A franchise quarterback has been charged with defending an AFC North title clinched with the first division sweep in team history and he's getting help from a top four defense that has gone where no Cincinnati defense has gone in three decades.

It was the decade the Bengals grew into a contender and PBS shook with all the growing pains. The second decade is just a 40-yard dash away now with the Aug. 15 preseason home opener against Denver and the Sept. 19 regular-season opener against the Ravens, the team predicted to give the Bengals the biggest fight to defend. Until then, here are our 10 most memorable PBS moments and counting.  

1. RETURN OF THE JUNGLE, Nov. 16, 2003

The Bengals start the day as longshots against the 9-0 Chiefs. They end the day in first place for the first time in 13 years with a 24-19 win that ignites the Marvin Lewis era and they've sold out every game since. As the rookie head coach chokes up in the Bengals locker room, he salutes Bengals president Mike Brown for giving him a chance and a sellout crowd for believing in his team.

Wide receiver Peter Warrick scores two long touchdowns in the rollicking fourth quarter, one on a punt return, while running back Rudi Johnson emerges with 165 yards and quarterback Jon Kitna flourishes with two more TD passes that give him 11 with just one interception in Cincinnati's five wins. After it is over, Pro Bowl right tackle Willie Anderson reveals a PBS shovel leaning against his locker as a symbol of the new Bengals commitment to "just keep shoveling."

How long ago was that?

When the Bengals clinched their second AFC North title against the '09 version of the Chiefs last Dec. 27, one of only two Bengals that were on the field that day back in'03 was the man that boldly predicted the Bengals would knock off the unbeaten Chiefs: Wide receiver Chad Ochocinco.
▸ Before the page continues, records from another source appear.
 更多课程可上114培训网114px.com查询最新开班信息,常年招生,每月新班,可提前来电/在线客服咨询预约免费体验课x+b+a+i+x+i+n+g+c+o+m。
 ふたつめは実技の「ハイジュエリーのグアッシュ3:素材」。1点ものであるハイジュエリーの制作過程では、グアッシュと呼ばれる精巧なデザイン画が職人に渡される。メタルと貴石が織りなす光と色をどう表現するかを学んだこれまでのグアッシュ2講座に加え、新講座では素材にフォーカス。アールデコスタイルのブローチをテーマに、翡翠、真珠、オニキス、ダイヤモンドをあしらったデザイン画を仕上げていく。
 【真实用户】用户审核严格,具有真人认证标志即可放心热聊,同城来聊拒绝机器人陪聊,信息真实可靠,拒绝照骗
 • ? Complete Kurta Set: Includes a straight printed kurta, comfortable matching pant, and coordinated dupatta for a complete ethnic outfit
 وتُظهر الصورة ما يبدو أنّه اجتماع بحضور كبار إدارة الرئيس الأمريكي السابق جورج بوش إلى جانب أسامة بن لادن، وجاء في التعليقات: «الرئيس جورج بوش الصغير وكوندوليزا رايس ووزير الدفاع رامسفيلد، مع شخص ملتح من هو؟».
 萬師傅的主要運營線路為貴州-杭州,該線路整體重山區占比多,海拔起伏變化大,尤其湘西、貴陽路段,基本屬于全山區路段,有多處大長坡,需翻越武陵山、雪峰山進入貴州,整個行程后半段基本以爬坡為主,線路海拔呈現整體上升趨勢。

The Ocho catches the winning TD pass in vintage '09 fashion just before the two-minute warning while fullback Jeremi Johnson helps Cedric Benson break the club record for 100-yard games in a season.
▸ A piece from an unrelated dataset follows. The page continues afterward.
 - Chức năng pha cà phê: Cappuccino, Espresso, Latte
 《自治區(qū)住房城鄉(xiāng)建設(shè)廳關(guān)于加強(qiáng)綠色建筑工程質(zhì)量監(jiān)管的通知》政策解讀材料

Who better but Lewis to sum up what the '03 win meant?

"It gives us legitimacy for everything," he says that day in the emotional locker room. "We have now played against three division leaders, and we have beaten them. That's important. That we can play football like the rest of them. From the time that we started, we said we were going to bring the NFL back. And that was NFL football out there today. It was NFL atmosphere. It was fun. Everybody had fun. When you come to the stadium, you ought to be here for fun, and that is what we were having."

2. HISTORY CHANNEL, Oct. 22, 2000

Bengals running back Corey Dillon's NFL-record 278 rushing yards has been passed twice since this improbable day and it will be passed at least twice more in the coming decade. (Here is to Chris Johnson coming up with the league's first 300-yard game ever at some point.)

But no one will ever do it like Dillon does it in just the sixth game ever at PBS. He gets his 278 on just 22 carries, the last a 41-yard TD with about two minutes left in the game, giving him three more yards than Walter Payton in a 1977 game and the Bengals a 31-21 win over Denver.

Not only that, he does it for a team that completes just two passes and none in the last three quarters against the NFL's second-ranked rush defense.

Not only that, it comes for an 0-6 team that has turned to the NFL's oldest rookie head coach when defensive coordinator Dick LeBeau took over in the wake of Bruce Coslet's resignation less than a month before.

Not only that, a team that has been shut out three times suddenly rolls up 407 rushing yards, the most in 50 years in  the fifth-best ground game of all time. 

"It was a day of immortality," says Willie Anderson.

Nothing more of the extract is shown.